> _TASK INSTRUCTIONS_: Starting with the line that has "5714 og 1370" in the records below and ending with the line that has "Спокойствие продлилось недолго.", output those lines exactly and nothing more; omit the pictures.

> _DATA SUPPLIED_:

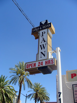 Before we headed out of Vegas we had one last stop to make and that was to Gold & Silver Pawn, which is featured on the show Pawn Stars on the History Channel. John doesn't watch much TV, but he LOVES this show. It was his only request for the road trip. The place has become quite the tourist attraction due to the popularity of the show so you have to stand in line to go in. Since we had Louis someone would need to stay in the car with him and I volunteered since John and Bayley are bigger fans of the show than myself. John got a t-shirt and a magnet. We actually saw a tag from Union County, MS in the parking lot. I had fun watching the people in the parking lot and seeing someone come and get the "Old Man's" car and drive it around back for him.
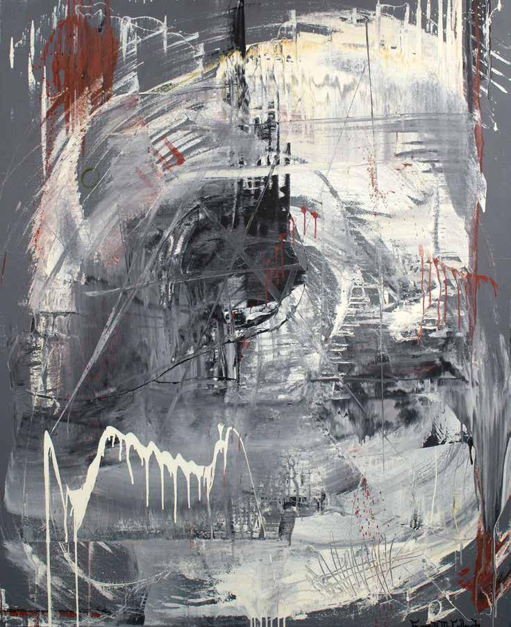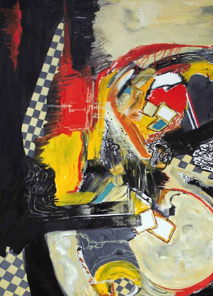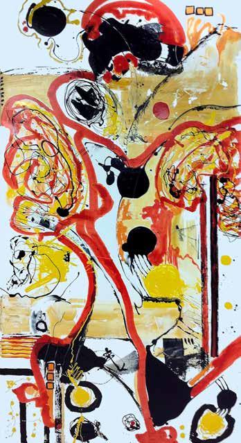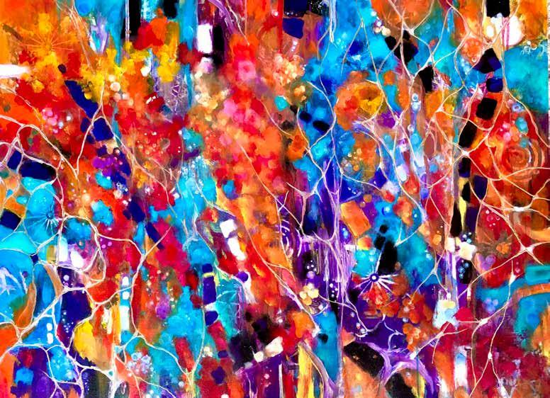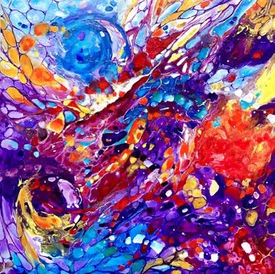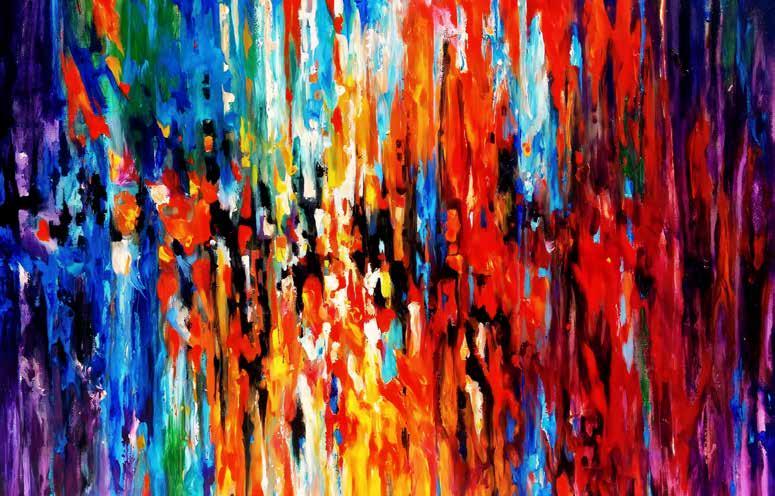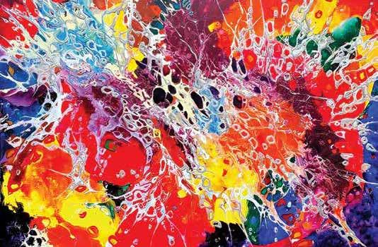 about anything and everything. As a youth he was always taking things apart and creating gadgets with a new purpose. On into his teens he was often found in the shop working on vehicles and projects. Jeff is a lifelong Motocross rider and demolition expert, so looking at the action involved in making beautiful art from a chaos resonates — as the poet philospher Eli Siegel so aptly put it, “Beauty is the making one of opposites.” Sometimes the bike crashes but as a winning racer, Jeff knows how to make that blend work. In his very unique version of abstract art — “Abstraction Unbridled” — that dynamic is quite evident and has been since he started his business he said of it, “We had a company, we built up to where we had 45 employees, excavators, trucks, and a whole crazy operation. We were doing some charity work for a children’s hospital where I saw a piece of art that I liked and I thought to myself, I can do that. So I went home and taught myself how to paint. I had a bit of free time and my hobby evolved into my passion and my passion grew. I wanted to go from deconstruction to my creative side. I gave the majority of my work for the first three years to charity. ”
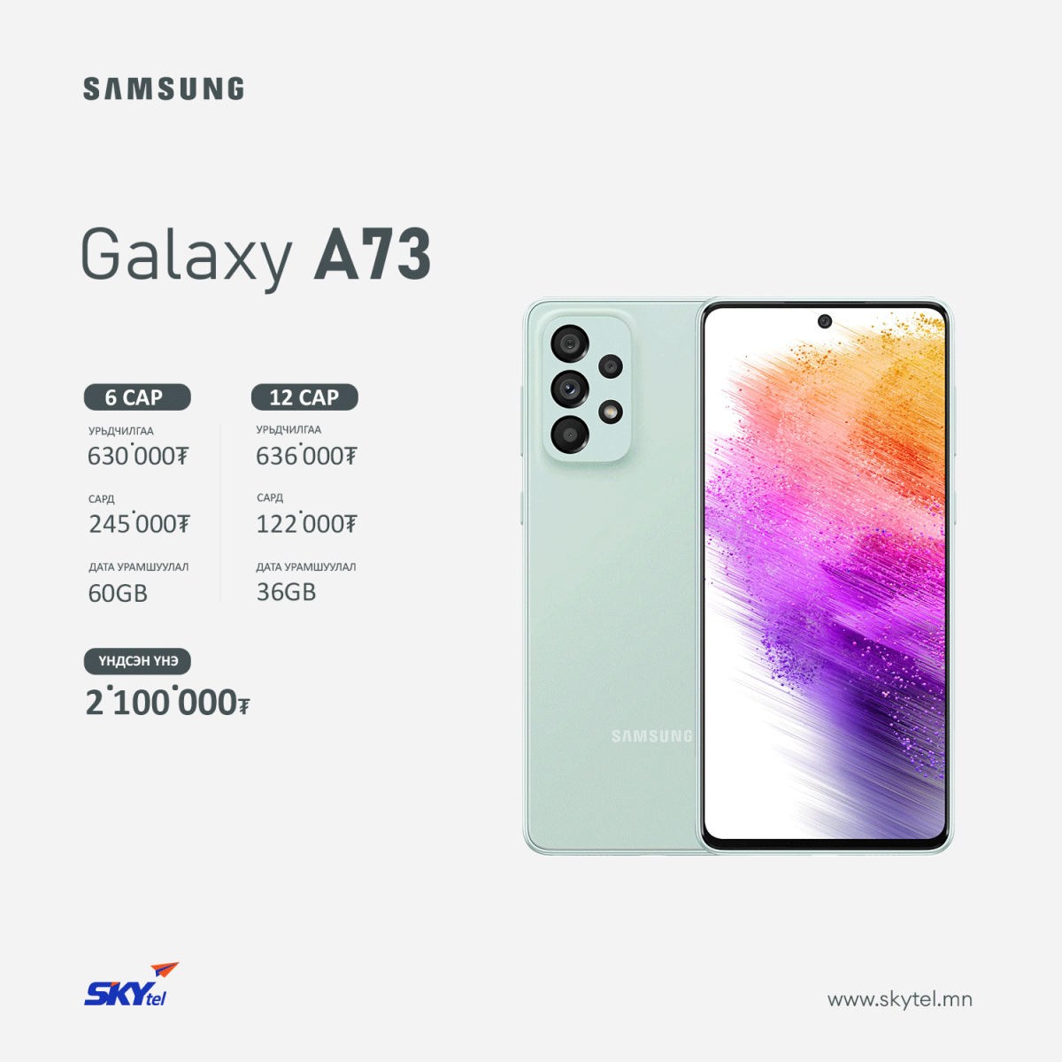 SAMSUNG Galaxy A73 гар утасны талаар дэлгэрэнгүй мэдээллийг энд дарж авна уу.
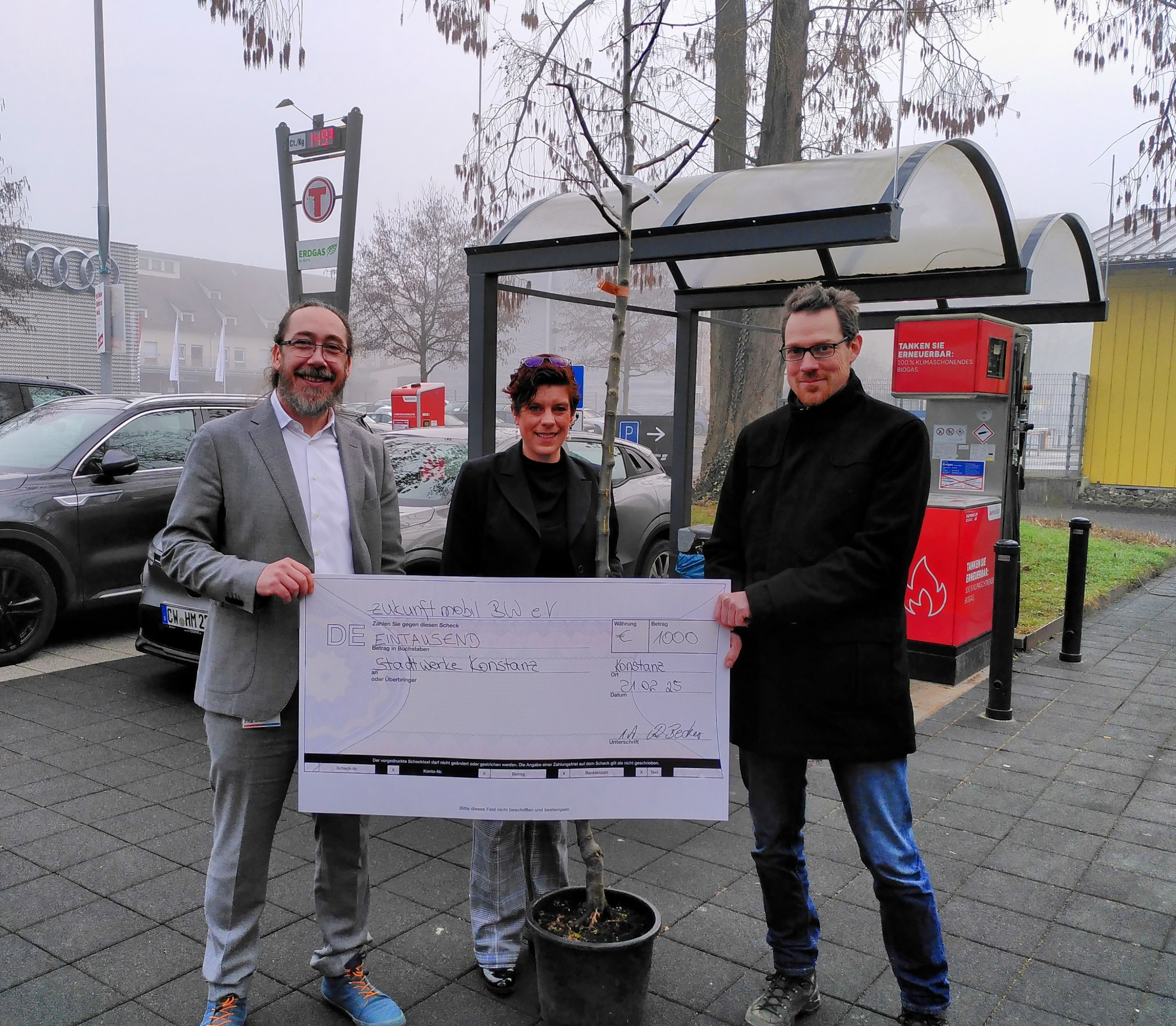 Der Verein zukunft mobil Baden-Württemberg e.V. hat den Stadtwerken Konstanz einen Streuobstbaum und 1.000 Euro zweckgebunden für das Pflanzen von Bäumen gespendet.
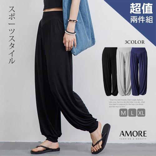 (買1送1)AM艾莫兒 百搭寬鬆飄逸棉質時尚瑜珈褲
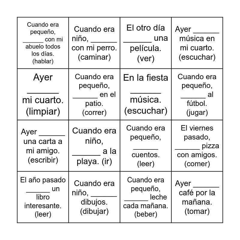 This bingo card has 30 words: Ayer ______ al parque. (ir), Cuando era niño, ______ mucho. (jugar), El viernes pasado, ______ pizza con amigos. (comer), Ayer ______ en casa todo el día. (estar), Cuando era pequeño, ______ con mi abuelo todos los días. (hablar), El otro día ______ una película. (ver), En la fiesta ______ música. (escuchar), Ayer ______ mi tarea después de clase. (hacer), Cuando era niño, ______ dibujos. (dibujar), Ayer ______ temprano de la escuela. (salir), Cuando era pequeño, ______ leche cada mañana. (beber), El año pasado ______ un libro interesante. (leer), De niño, ______ con mis amigos. (correr), Hoy ______ a mi mamá. (visitar), Cuando era niño, ______ a la playa. (ir), Por un momento en pd. 1, ______ mi mochila. (perder), Cuando era pequeño, ______ televisión mucho. (mirar), Ayer ______ café por la mañana. (tomar), Cuando era niño, ______ en un parque. (jugar), Ayer ______ mi cuarto. (limpiar), Cuando era pequeño, ______ cuentos. (leer), Ayer ______ mi bicicleta al parque. (llevar), Cuando era niño, ______ con mi perro. (caminar), Ayer ______ una carta a mi amigo. (escribir), Cuando era pequeño, ______ en el patio. (correr), Ayer ______ música en mi cuarto. (escuchar), Cuando era niño, ______ chocolate caliente. (beber), Ayer ______ al profesor una pregunta. (hacer), Cuando era pequeño, ______ al fútbol. (jugar) and Ayer ______ tarde a casa. (llegar).
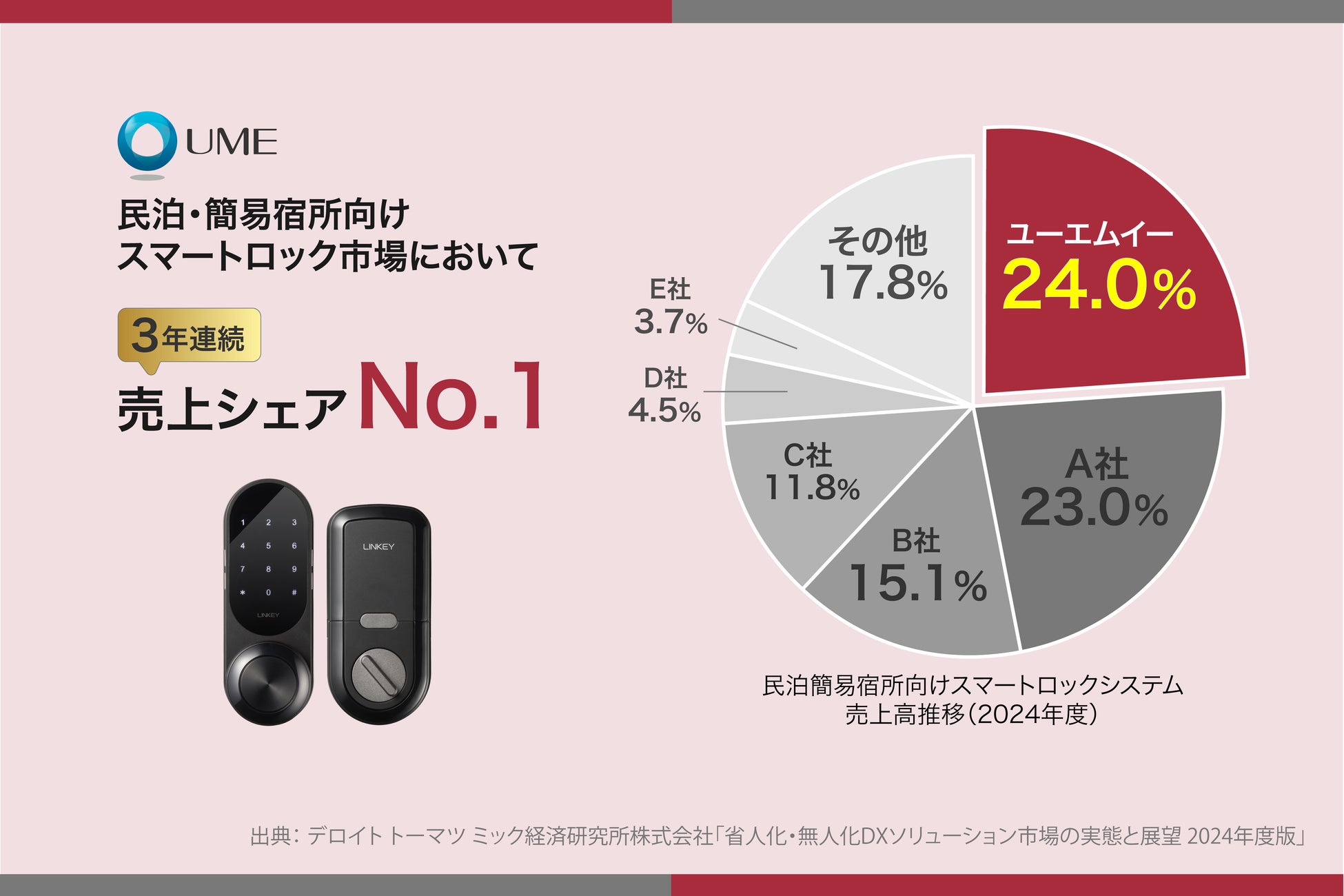 株式会社ユーエムイー(東京都港区/代表取締役:内野 雅和、以下当社)は、デロイト トーマツ ミック経済研究所が発行した市場調査レポート「省人化・無人化DXソリューション市場の実態と展望 2024年度版」において、2022年度から2024年度の3年連続で、民泊・簡易宿所向けスマートロック市場における売上高シェアNo.1を獲得したことをお知らせいたします。
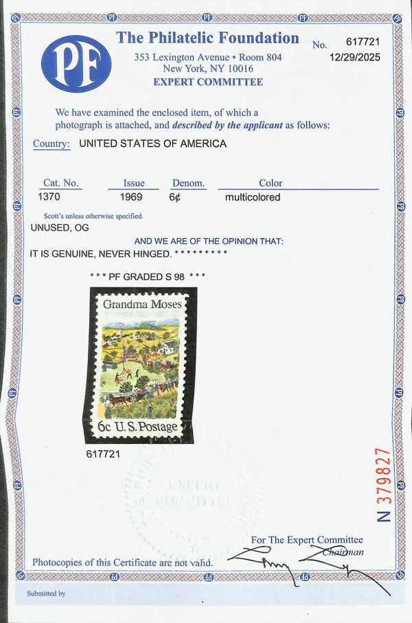 5714 og 1370 image1969, 6¢ Grandma Moses (Scott 1370), Superb no SMQ price, with 2025 P.F. certificate graded SUP 98. (Image) (Image2) (All Images)
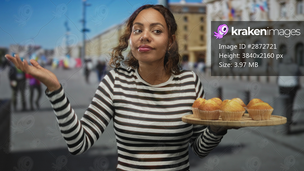 Woman holding wooden tray of muffins with palm up shrug gesture on a city street in front of buildings and pedestrians; curiosity.
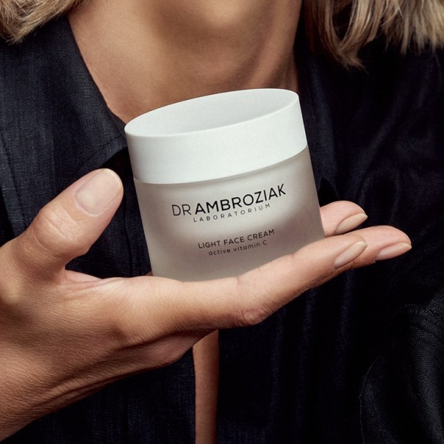 Zobacz różnicę, jaką robi stosowanie Light Face Cream Dr Ambroziak Laboratorium z aktywną witaminą C. Lekki, a jednocześnie intensywnie nawilżający krem został stworzony z myślą o skórze skłonnej do przesuszania i utraty sprężystości. Dzięki Light Face Cream Twoja cera odzyska odświeżenie, blask i sprężystość.
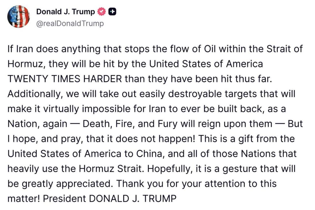 Спокойствие продлилось недолго. Уже на следующий день Трамп вновь ужесточил риторику. В социальной сети Truth Social он заявил, что если Иран предпримет попытку блокировать Ормузский пролив, США нанесут удар «в двадцать раз сильнее». Президент также добавил, что американская сторона способна уничтожить объекты, после которых Иран «фактически не сможет восстановиться как государство».
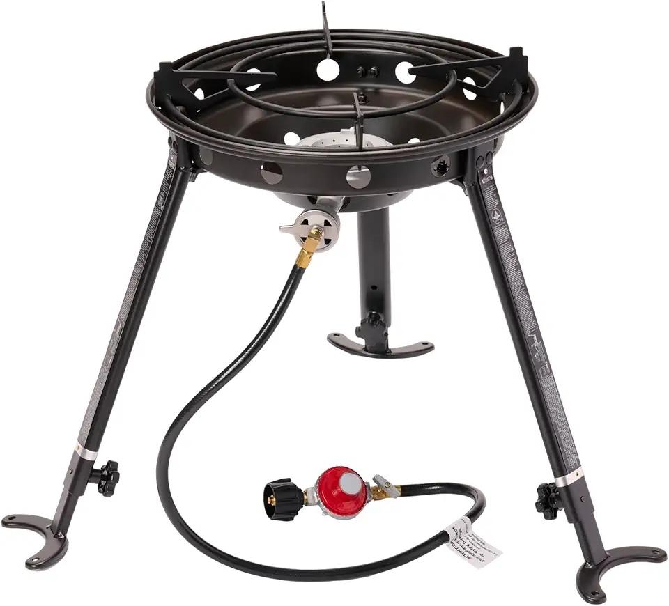 Eastman Outdoors Portable Kahuna Burner with XL pot and wok brackets. Features adjustable and removable legs for versatile outdoor cooking. Powerful, stable, and easy to transport – ideal for backyard or camping use.
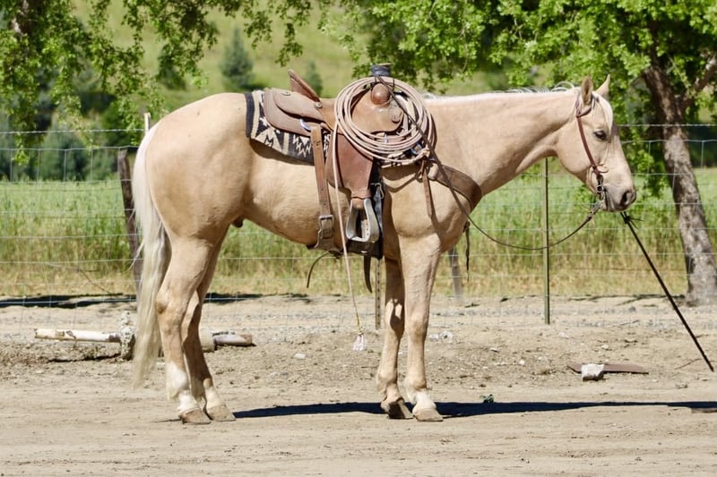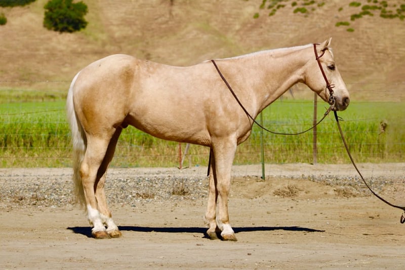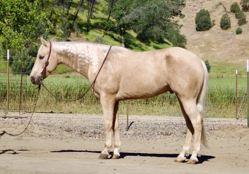 "AVAILABLE ON ONLINE HORSE AUCTION AT www DOT PlatinumEquineAuction DOT com BIDDING OPEN NOW thru SUNDAY | APRIL 26TH! *Final price will be determined on auction site* CONSIGNOR CONTACT INFO: Longhorn Ranch 831-537-1915 LOCATION: Paicines, CA Agent “Golden Outside, Solid All the Way Through.” 8-Year-Old Palomino Gelding • 15 Hands If good horses were easy to find, everyone would have one like Agent… but they’re not—and that’s exactly why he stands out. Agent is a sharp, golden palomino gelding with a kind eye and a willing nature that makes him easy to get along with. He’s the kind that shows up to work with a good attitude. He’s been used to gather cattle and has had some roping in the pasture and lead steer, giving him a practical foundation without being overdone. He’s honest about his job, doesn’t try to outthink you, and seems perfectly content being the one that makes you look good. In the arena, Agent keeps things simple—in a good way. He picks up both leads, has a nice stop, a clean neck rein, and moves through his transitions smooth and correct. No drama, no extra buttons you didn’t ask for… just a horse that does his job and does it right. Outside is where he really proves his worth. Creeks, trees, wildlife, bridges—he handles it all like he’s got better things to worry about. Ride him down the road, haul him to town, take him to the trail course—flags, tarps, balls—he’s seen it and decided none of it is worth getting worked up over. (Unlike some who still flinch at plastic bags.) He’ll stand tied like he’s got nowhere else to be, settles in wherever you put him, and handles new places without making it a production. The kind you can count on to act the same whether he’s at home or somewhere new. Around the barn, he’s easy—catch him, tack him, clip him, bathe him… he’s agreeable about all of it. No negotiations required. Agent is a good-minded, broke gelding with a solid foundation and a disposition that’s hard to beat. The kind that quietly earns his keep and makes every ride a good one. He is safe for all levels of riders. Longhorn Ranch • Paicines, CA Dina • 831:537:1915 Shipping anywhere with a reputable hauler — call to find out more about this fantastic boy. We can video chat or you’re welcome to come meet him in person.
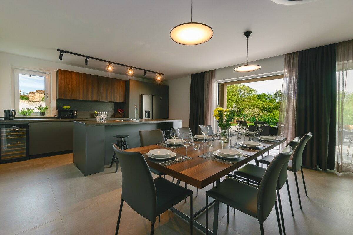 The location of this villa provides an excellent balance of peace and privacy. Away from the city bustle, while still close enough to famous tourist destinations on the coast. The nearest coastal towns are only a short drive from the villa (15km). From Fažana, it is possible to take a boat trip to the Brijuni Park. You can visit central Istria to enjoy the beautiful views and taste Istrian delicacies prosciutto fuže and other specialties. Visit Pula, the Roman amphitheater, the beautiful Rovinj, the castle in Savičenta.
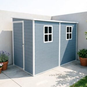 樹脂製 物置 屋外 大型 戸外収納庫 幅132*奥行き254*高187 床材補強フレーム付 引き戸両開きタイプ 換気口付き 防さび ベランダ 防水 ガーデニング 庭 グレー
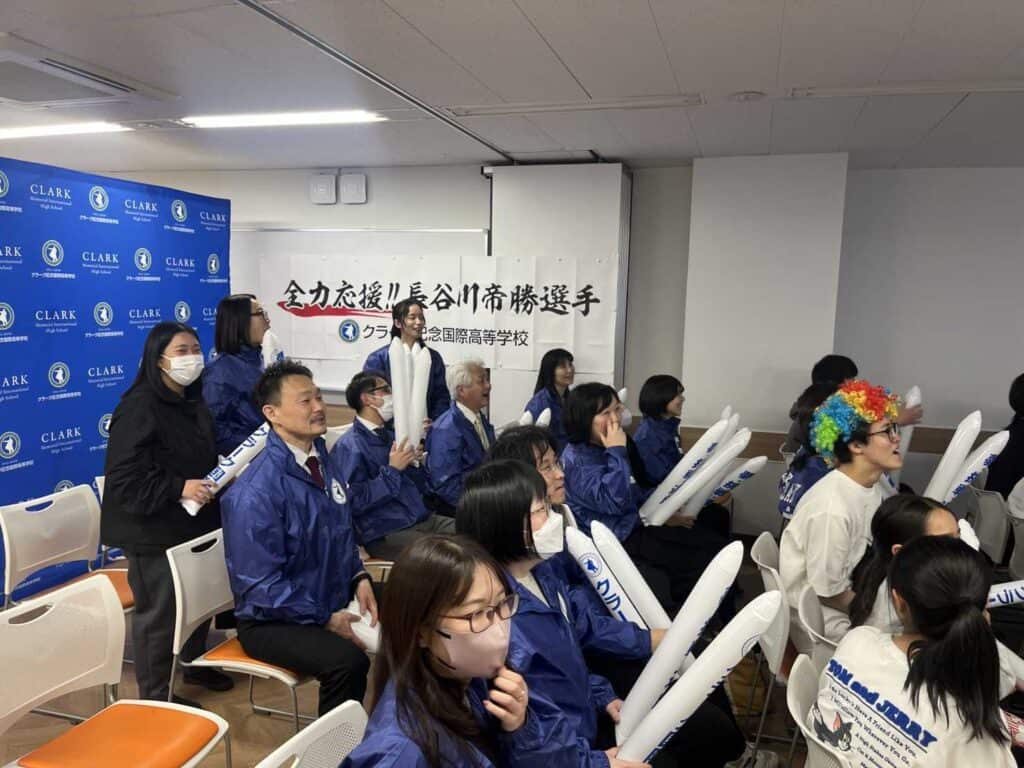 クラーク卒業生・長谷川 帝勝選手、ミラノ・コルティナ五輪 スノーボード男子スロープスタイルの決勝戦応援にCS名古屋でのパブリックビューイングへ駆け付けました!なんとみんなの前で銀メダル獲得!! 決勝前の長谷川選手に送った応援ビデオも長谷川選手は滑走前にも見てくれたのが力になったようです!本当におめでとうございます!!

> _RESPONSE TO THE TASK_:
 5714 og 1370 image1969, 6¢ Grandma Moses (Scott 1370), Superb no SMQ price, with 2025 P.F. certificate graded SUP 98. (Image) (Image2) (All Images)
 Woman holding wooden tray of muffins with palm up shrug gesture on a city street in front of buildings and pedestrians; curiosity.
 Zobacz różnicę, jaką robi stosowanie Light Face Cream Dr Ambroziak Laboratorium z aktywną witaminą C. Lekki, a jednocześnie intensywnie nawilżający krem został stworzony z myślą o skórze skłonnej do przesuszania i utraty sprężystości. Dzięki Light Face Cream Twoja cera odzyska odświeżenie, blask i sprężystość.
 Спокойствие продлилось недолго. Уже на следующий день Трамп вновь ужесточил риторику. В социальной сети Truth Social он заявил, что если Иран предпримет попытку блокировать Ормузский пролив, США нанесут удар «в двадцать раз сильнее». Президент также добавил, что американская сторона способна уничтожить объекты, после которых Иран «фактически не сможет восстановиться как государство».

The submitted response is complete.